## Directions for this task
Exact wording is required for every entry; transcribe all of them and leave the images out.

## Source records
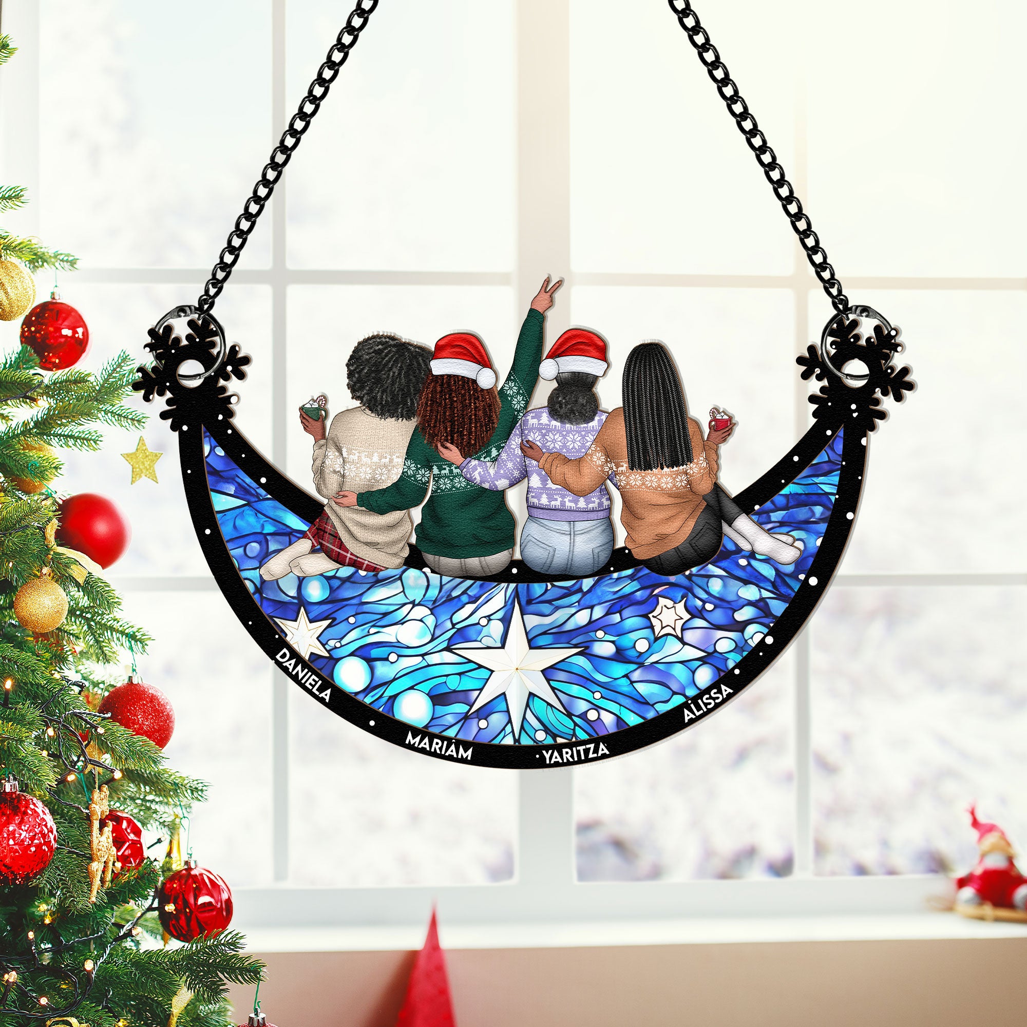 Besties Christmas Together - Personalized Window Hanging Suncatcher Ornament
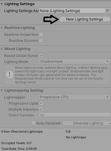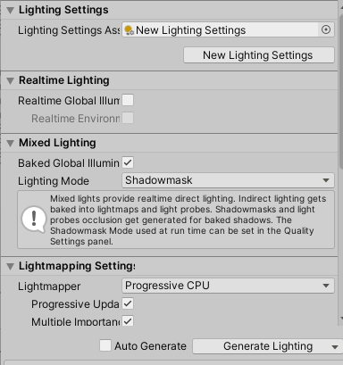 리얼타임 라이팅 부분을 체크를하고 Generate Lighting을 누르면 Auto Generagte 해체하고 Generate Lighting을 누르면
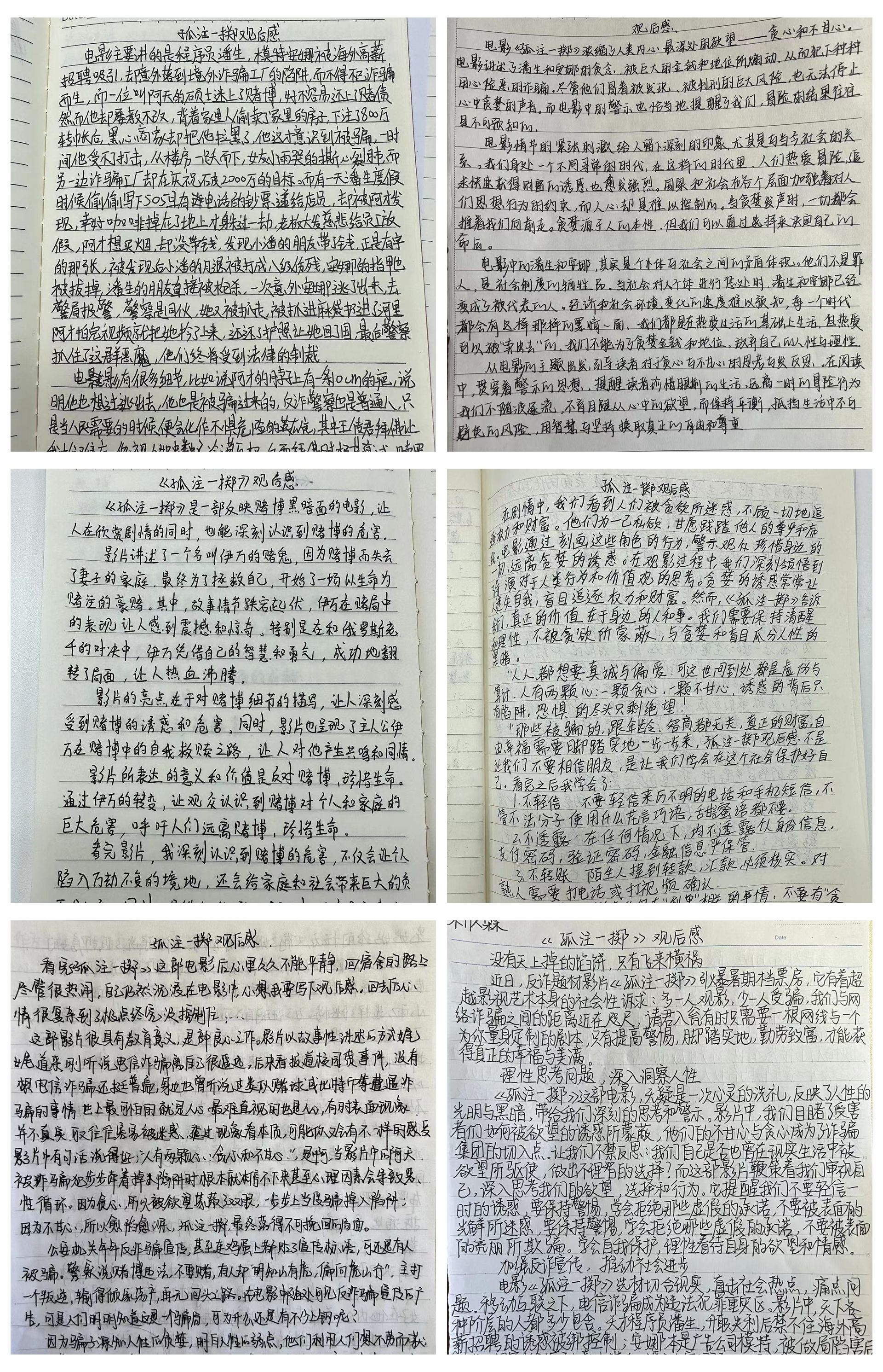 10月18日晚,基础系23级全体同学积极参加学院组织观看的电影《孤注一掷》。在观看电影后,同学们写了观后感,深刻认识到了电信诈骗的无处不在和犯罪分子的猖狂。
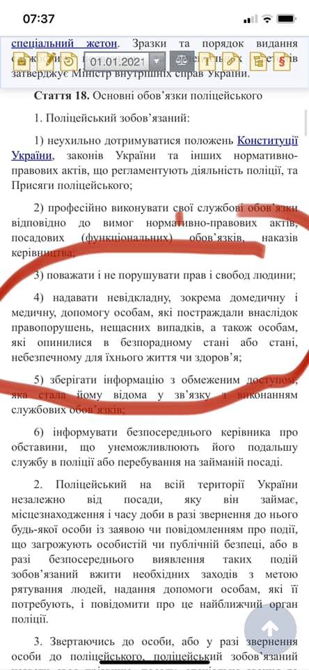 - Резюме, на 2х гарячих лініях Найполіції о 21:00 вже ніхто не бере трубки. Залишила скаргу на 102, окремо – подам в електронці в управління поліції. Завтра буде ще дзвінок на гарячі лінії. І очевидно очікую реакції тут і на зазначену мною адресу. ПІБ патрульний назвав «О. Лаган», але не знаходжу такого по НАЗК, тому може й неправильно назвав/ невірно записала. Я не думаю, що складно встановити патрульних, які о 20:50,забирали людину з Нечуя Левицького, 19…
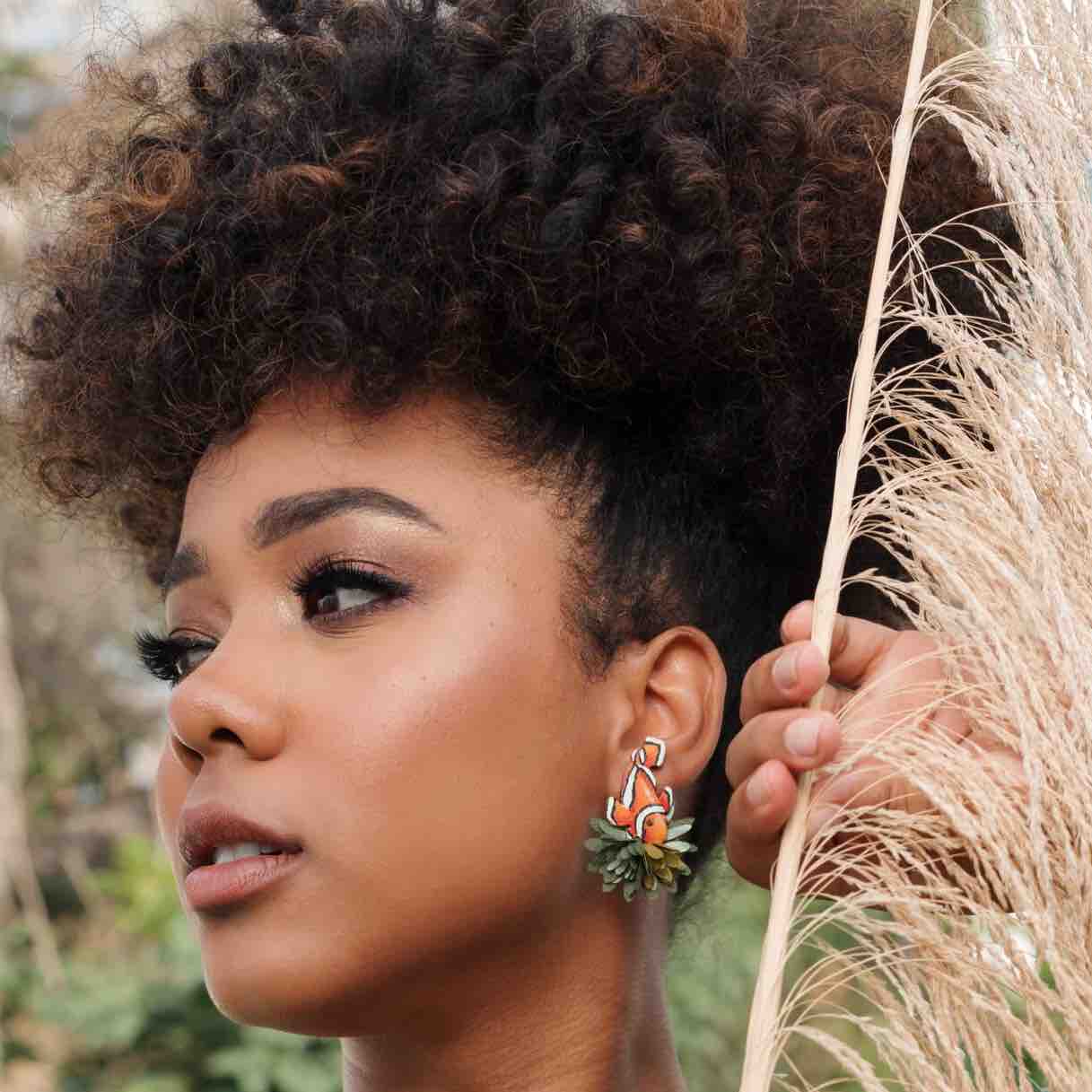 Combined with natural fabric layers, the Clown Fish earrings create a bold yet refined look, transforming plant-based materials into wearable art.

## Solved problem
 Besties Christmas Together - Personalized Window Hanging Suncatcher Ornament
 리얼타임 라이팅 부분을 체크를하고 Generate Lighting을 누르면 Auto Generagte 해체하고 Generate Lighting을 누르면
 10月18日晚,基础系23级全体同学积极参加学院组织观看的电影《孤注一掷》。在观看电影后,同学们写了观后感,深刻认识到了电信诈骗的无处不在和犯罪分子的猖狂。
 - Резюме, на 2х гарячих лініях Найполіції о 21:00 вже ніхто не бере трубки. Залишила скаргу на 102, окремо – подам в електронці в управління поліції. Завтра буде ще дзвінок на гарячі лінії. І очевидно очікую реакції тут і на зазначену мною адресу. ПІБ патрульний назвав «О. Лаган», але не знаходжу такого по НАЗК, тому може й неправильно назвав/ невірно записала. Я не думаю, що складно встановити патрульних, які о 20:50,забирали людину з Нечуя Левицького, 19…
 Combined with natural fabric layers, the Clown Fish earrings create a bold yet refined look, transforming plant-based materials into wearable art.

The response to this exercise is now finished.